Terry Calaway, the college's president, issued a statement in which he defended the idea that students should be punished for posting the photographs online. "We regret that the students used such poor judgment to take such a unique educational opportunity that was presented in a private clinical setting and broadcast it on the Web. We teach our students to respect the confidentiality of patient care, which extends beyond the hospital room and includes situations when the nurse is not in the presence of the patient. The actions of the students showed not only poor judgment, but also lack of respect and a complete disregard for the ethical standards of the nursing profession." (For Inside Higher Ed blogger Eric Stoller's take on the controversy, go here.)

The suit, by Doyle Byrnes, one of the students who were kicked out, says that the dispute was set off by events on a trip in November to a medical center. There, Byrnes and six other students were taught by an instructor about the functions of the placenta, and were encouraged to touch and closely examine a placenta.

One student asked the instructor for permission for the students to take photographs of themselves with the placenta with the idea of putting the photos on their Facebook pages, the lawsuit says. The students said that they were excited about what they had learned that day and wanted to share their excitement with friends and family members -- via Facebook.

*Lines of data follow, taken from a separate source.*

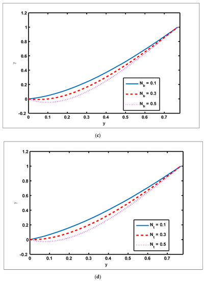 Profile of nanoparticle fraction for Soret, Dufour, thermophoresis, and Brownian motion parameters. Values of other physical parameters are (a) (b) (c) (d) .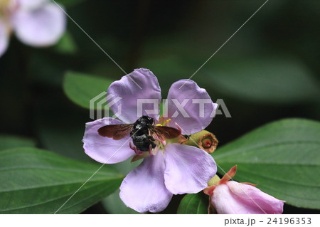 生き物 昆虫 オキナワクマバチ、初夏の山原。メスがノボタンの花で蜜集め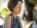 • The Lion Lady Steel Guitar Ensemble announcer Haruko Ozeki.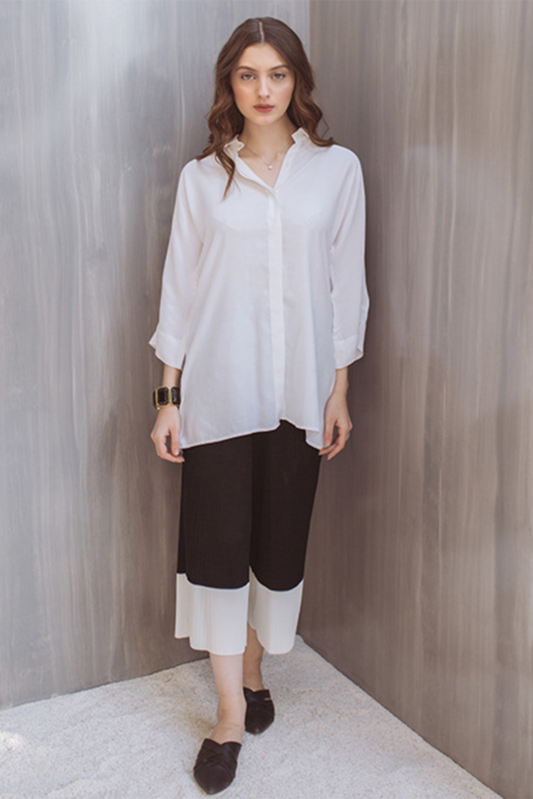 This shirt is made from 100% pure Silk, giving it a luster and flattering drape. This elegant, feminine shirt option is perfect for keeping you cool during a busy workday. it has 3/4 sleeves a no armhole cut for extra comfort and hidden buttons placket.

According to the suit, the instructor implied consent to this activity by saying that they needed to be sure that any photograph with the placenta did not have any identifying information about the woman from whom the placenta came (the photos in question did not), and by remarking "oh, you girls," about the idea of posting the photographs on Facebook.

Byrnes posted a photograph on her Facebook page, but a few hours later, when the instructor called to complain about it, she took it down -- after first asking the instructor if she was in trouble and being told that she was not, and she has since removed her Facebook account. (The Kansas City Star has published the photo.) According to the suit, she and the three other students who posted photographs were quickly expelled. (The college says that "expelled" is incorrect because they are permitted to apply to be readmitted to the program in August of 2011.) Byrnes was in good standing, and set to graduate in May; the suit says that she was never given an opportunity to present evidence on her behalf (such as the instructor's implied consent), and that her appeals were denied without any due process. The suit asks for her readmission and the opportunity to take the final exams for her fall courses -- permission for which she requested without succes after being expelled.

The suit says that because Byrnes is planning to move outside of the area after this spring, and could face difficulty getting into a new nursing program having been kicked out of the one at Johnson County, she faces a real hardship because of the way the college treated her. She is seeking an injunction ordering her readmission before classes start this semester.

According to college documents quoted in in the suit, Byrnes and the other students were expelled for issues of "demeanor and lack of professional behavior."

The president's statement said: "Because we cannot tolerate such unprofessional behavior in our students, we took what we believed to be appropriate action. The behaviors of the students were insensitive and disrespectful toward the mother and the human tissue involved. The fact that this story has so quickly gone viral is evidence itself of how damaging social media can be if not used appropriately."